§ DATA PROVIDED
-- Opening Marker --

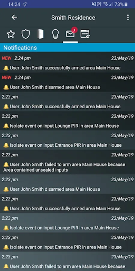 - Notification and event history
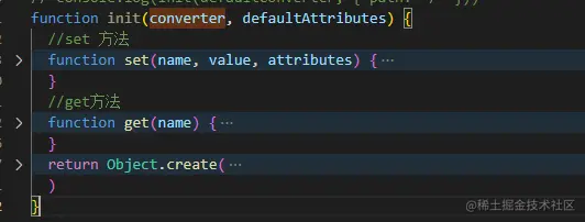 创建init方法 接收两个参数 第一个为导入的defaultConverter转换方法 第二个为默认参数{path:'/'},函数里面有一个set方法和get方法,该函数返回一个对象。
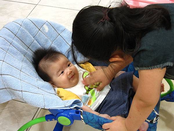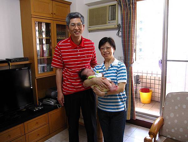 結果小瓜一直睡,爺爺奶奶要回家前才睜開眼,開始呵呵笑。
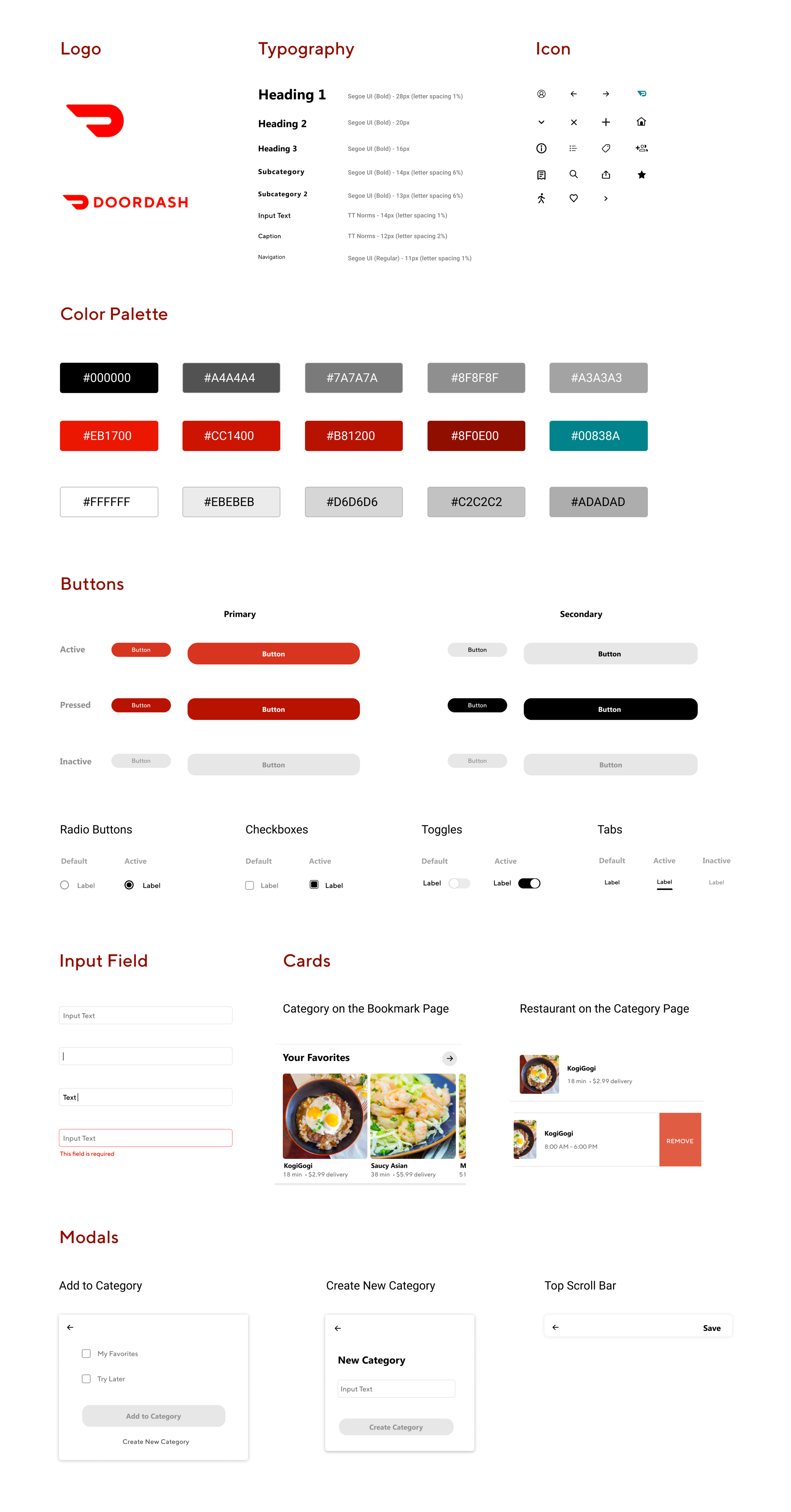 After gathering some layout inspiration from my Moodboard, I created my own modal and card designs. Other parts of the UI Kit are components from the DoorDash app. I can reference these components throughout my project to make sure elements align with the branding and app.

-- Closing Marker --

Apart from the images, reproduce the listing exactly as it appears.

§ ANSWER TO THE PROBLEM
 - Notification and event history
 创建init方法 接收两个参数 第一个为导入的defaultConverter转换方法 第二个为默认参数{path:'/'},函数里面有一个set方法和get方法,该函数返回一个对象。
 結果小瓜一直睡,爺爺奶奶要回家前才睜開眼,開始呵呵笑。
 After gathering some layout inspiration from my Moodboard, I created my own modal and card designs. Other parts of the UI Kit are components from the DoorDash app. I can reference these components throughout my project to make sure elements align with the branding and app.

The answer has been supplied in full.